Member of Bangladesh Parliament

Assembly Member for Satkhira-1
- In office February 1996 – May 1996
- Preceded by: Ansar Ali
- Succeeded by: Syed Kamal Bakht
- In office 2001–2008
- Preceded by: BM Nazrul Islam
- Succeeded by: SM Mujibur Rahman

Personal details
- Born: Kalaroa, Satkhira, Bangladesh
- Party: Bangladesh Nationalist Party
- Children: 2^{[citation needed]}
- Alma mater: University of Dhaka

= Habibul Islam Habib =

Bangladeshi politician

Habibul Islam Habib is a politician who is secretary of publication affairs of the Bangladesh Nationalist Party and a former member of parliament for Satkhira-1.
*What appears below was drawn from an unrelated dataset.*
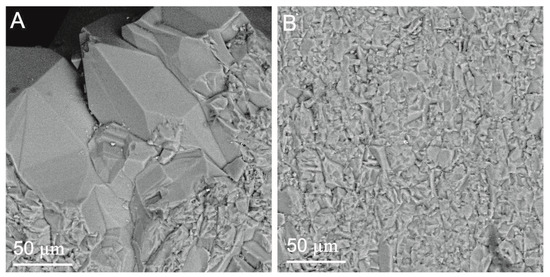 Additionally, SEM investigation of the surface morphology of the agate chips revealed the presence of different internal microstructures. Textures caused by well-shaped quartz crystals with sizes up to 150 µm (Figure 6A), as well as textures with an unclear granular surface (Figure 6B), are the most typical of the examined agate. The absence of a petrographically revealing fibrous texture of chalcedony is unexpected.

==Early life and education==
He was born in 1965 in Kalaroa Upozila in Satkhira District from a renowned muslim family. Completing his education from school & college level, he was admitted in the University of Dhaka on 1985 in the Department of Physics. In 1990, He was elected as Science Auditorium Affairs Secretary of DUCSU.

==Career==
Habib was elected to parliament from Satkhira-1 as a Bangladesh Nationalist Party candidate in 2001. In 2015, he was charged with attacking a convoy of Prime Minister Sheikh Hasina in Satkhira in 2002.